[Material for this exercise — start]

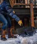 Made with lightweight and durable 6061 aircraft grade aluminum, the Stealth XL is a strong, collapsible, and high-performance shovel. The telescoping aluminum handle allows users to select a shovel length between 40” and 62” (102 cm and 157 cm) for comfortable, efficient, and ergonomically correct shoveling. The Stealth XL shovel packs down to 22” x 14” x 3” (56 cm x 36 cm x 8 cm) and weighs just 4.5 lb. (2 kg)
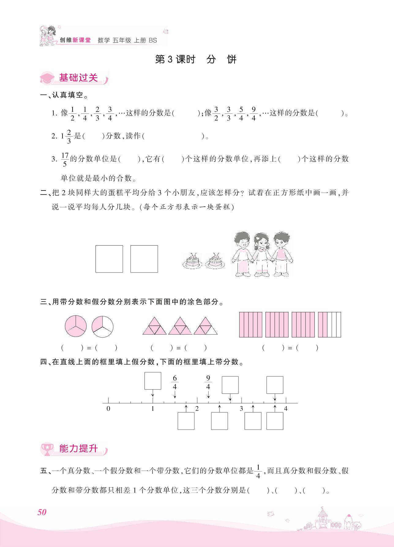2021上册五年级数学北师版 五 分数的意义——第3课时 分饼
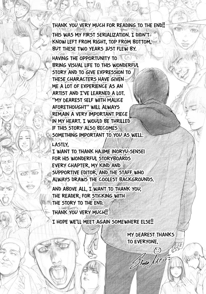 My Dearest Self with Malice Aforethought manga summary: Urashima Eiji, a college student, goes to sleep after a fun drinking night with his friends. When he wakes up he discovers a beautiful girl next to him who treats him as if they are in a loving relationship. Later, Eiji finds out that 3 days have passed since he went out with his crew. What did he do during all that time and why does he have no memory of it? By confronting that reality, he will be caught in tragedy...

[Material for this exercise — finish]
[Material for this exercise — start]

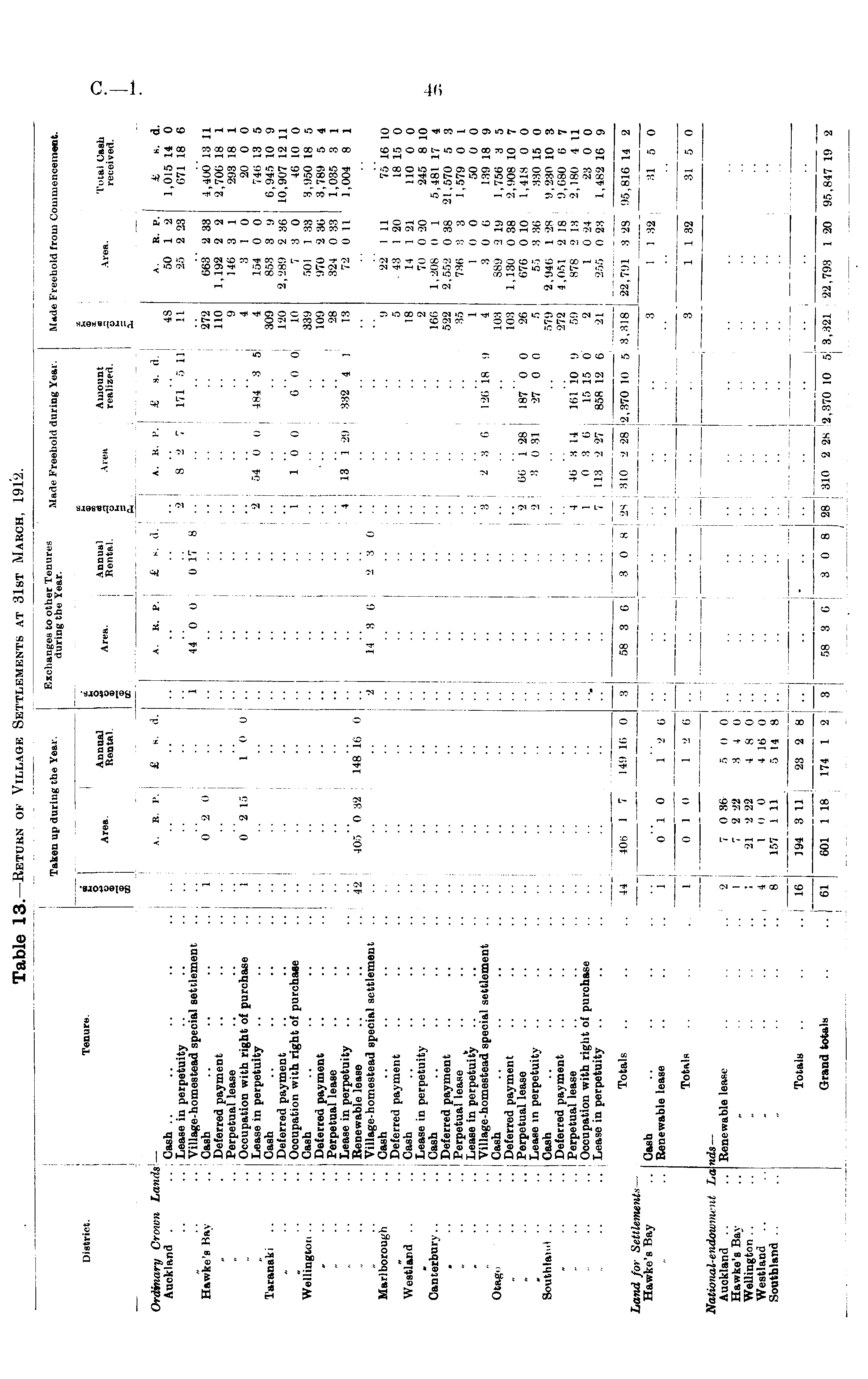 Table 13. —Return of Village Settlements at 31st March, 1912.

[Material for this exercise — finish]
[Material for this exercise — start]

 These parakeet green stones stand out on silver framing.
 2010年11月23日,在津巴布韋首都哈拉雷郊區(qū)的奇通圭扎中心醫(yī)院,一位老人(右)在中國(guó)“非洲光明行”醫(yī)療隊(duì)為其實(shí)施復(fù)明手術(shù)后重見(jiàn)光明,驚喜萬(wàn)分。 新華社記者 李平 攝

[Material for this exercise — finish]

Exercise brief: Above are some entries. Restate word for word the lines from the one holding "Made with lightweight" through the one holding "My Dearest Self", but not the pictures.

Answer:
 Made with lightweight and durable 6061 aircraft grade aluminum, the Stealth XL is a strong, collapsible, and high-performance shovel. The telescoping aluminum handle allows users to select a shovel length between 40” and 62” (102 cm and 157 cm) for comfortable, efficient, and ergonomically correct shoveling. The Stealth XL shovel packs down to 22” x 14” x 3” (56 cm x 36 cm x 8 cm) and weighs just 4.5 lb. (2 kg)
2021上册五年级数学北师版 五 分数的意义——第3课时 分饼
 My Dearest Self with Malice Aforethought manga summary: Urashima Eiji, a college student, goes to sleep after a fun drinking night with his friends. When he wakes up he discovers a beautiful girl next to him who treats him as if they are in a loving relationship. Later, Eiji finds out that 3 days have passed since he went out with his crew. What did he do during all that time and why does he have no memory of it? By confronting that reality, he will be caught in tragedy...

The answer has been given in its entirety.